• [Problem description]: Copy out the data below from the line containing "Champion CW-C002 Women's" to the line containing "Vitrina de librería", both lines included, with all images left out.

• [Data]:
━━━━━━━━━━━━━━━━━━━━━━━━━━━━━━

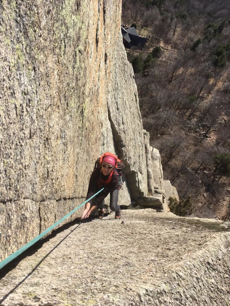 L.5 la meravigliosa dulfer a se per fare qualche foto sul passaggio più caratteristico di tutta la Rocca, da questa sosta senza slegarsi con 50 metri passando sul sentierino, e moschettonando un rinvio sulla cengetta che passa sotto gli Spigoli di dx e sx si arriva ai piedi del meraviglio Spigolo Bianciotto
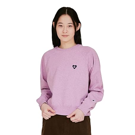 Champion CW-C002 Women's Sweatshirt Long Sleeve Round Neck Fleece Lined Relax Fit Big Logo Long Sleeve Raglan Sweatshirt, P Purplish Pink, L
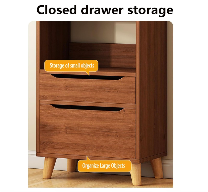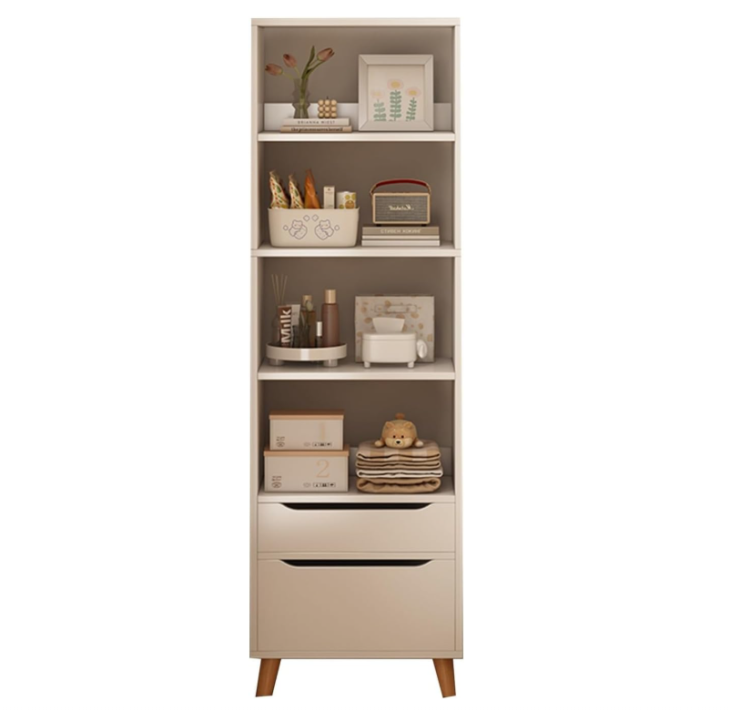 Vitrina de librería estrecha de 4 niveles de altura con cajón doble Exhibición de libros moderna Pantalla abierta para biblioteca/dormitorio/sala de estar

━━━━━━━━━━━━━━━━━━━━━━━━━━━━━━

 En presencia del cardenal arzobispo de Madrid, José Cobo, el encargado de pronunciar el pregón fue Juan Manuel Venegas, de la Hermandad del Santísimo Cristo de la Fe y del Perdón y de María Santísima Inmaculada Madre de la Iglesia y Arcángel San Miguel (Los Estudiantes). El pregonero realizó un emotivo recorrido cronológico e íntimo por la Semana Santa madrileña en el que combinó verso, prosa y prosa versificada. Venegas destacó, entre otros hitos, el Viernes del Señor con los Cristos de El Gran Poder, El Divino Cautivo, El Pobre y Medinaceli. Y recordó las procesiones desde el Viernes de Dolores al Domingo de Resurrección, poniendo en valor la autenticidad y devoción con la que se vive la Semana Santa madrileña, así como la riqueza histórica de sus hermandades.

━━━━━━━━━━━━━━━━━━━━━━━━━━━━━━

• [Exercise output]:
 Champion CW-C002 Women's Sweatshirt Long Sleeve Round Neck Fleece Lined Relax Fit Big Logo Long Sleeve Raglan Sweatshirt, P Purplish Pink, L
 Vitrina de librería estrecha de 4 niveles de altura con cajón doble Exhibición de libros moderna Pantalla abierta para biblioteca/dormitorio/sala de estar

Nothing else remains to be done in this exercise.